Mandal Dindyal, Mohammed Eman H M, Lohan Sandeep, Mandipoor Parvin, Baradaran Darius, Tiwari Rakesh K, Parang Keykavous, Aliabadi Hamidreza Montazeri
Center for Targeted Drug Delivery, Department of Biomedical and Pharmaceutical Sciences, Chapman University School of Pharmacy, Harry and Diane Rinker Health Science Campus, Irvine, California 92618, United States.
AJK Biopharmaceutical, 5270 California Avenue, Irvine, California 92617, United States.
Mol Pharm. 2022 May 2;19(5):1338-1355. doi: 10.1021/acs.molpharmaceut.1c00879. Epub 2022 Mar 29.

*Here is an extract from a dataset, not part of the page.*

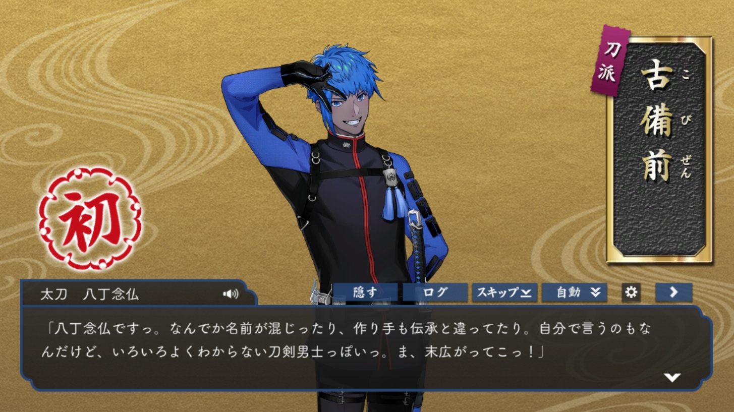 引き換え券で八丁念仏をお迎え。これで今現在実装されている刀剣男士が全振り揃った...!今夜解禁されるであろう、11周年記念の新刀剣男士は深追いしない予定なので、全振り揃ったのは本当に一瞬だったな🥲

RNA interference (RNAi) is a powerful tool capable of targeting virtually any protein without time-consuming and expensive drug development studies. However, due to obstacles facing efficient and safe delivery, RNAi-based therapeutic approach remains a challenge. Herein, we have designed and synthesized a number of disulfide-constraining cyclic and hybrid peptides using tryptophan and arginine residues. Our hypothesis was that peptide structures would undergo reduction by intracellular glutathione (more abundant in cancer cells) and unpack the small interfering RNA (siRNA) from the peptide/siRNA complexes. A subset of newly developed peptides (specifically, and ) exhibited effective cellular internalization of siRNA (∼70% of the cell population; monitored by flow cytometry and confocal microscopy), the capability of protecting siRNA against early degradation by nucleases (monitored by gel electrophoresis), minimal cytotoxicity in selected cell lines (studied by cell viability and LC calculations), and efficient protein silencing by 70-75% reduction in the expression of targeting signal transducer and activator of transcription 3 (STAT3) in human triple-negative breast cancer (TNBC) MDA-MB-231 cells, analyzed using the Western blot technique. Our results indicate the birth of a promising new family of siRNA delivery systems that are capable of safe and efficient delivery, even in the presence of nucleases.
RNA干扰(RNAi)是一种强大的工具,几乎能够靶向任何蛋白质,而无需进行耗时且昂贵的药物研发研究。然而,由于在高效和安全递送方面面临障碍,基于RNAi的治疗方法仍然是一项挑战。在此,我们使用色氨酸和精氨酸残基设计并合成了多种二硫键约束的环状和杂合肽。我们的假设是,肽结构会被细胞内谷胱甘肽(在癌细胞中含量更高)还原,并从肽/小干扰RNA(siRNA)复合物中释放出siRNA。新开发的肽的一个子集(具体而言, 和 )表现出对siRNA有效的细胞内化(约70%的细胞群体;通过流式细胞术和共聚焦显微镜监测)、保护siRNA免受核酸酶早期降解的能力(通过凝胶电泳监测)、在选定细胞系中的最小细胞毒性(通过细胞活力和LC计算研究),以及通过使用蛋白质印迹技术分析,在人三阴性乳腺癌(TNBC)MDA-MB-231细胞中使靶向信号转导和转录激活因子3(STAT3)的表达降低70 - 75%从而实现有效的蛋白质沉默。我们的结果表明诞生了一个有前景的新的siRNA递送系统家族,即使在存在核酸酶的情况下也能够安全有效地递送。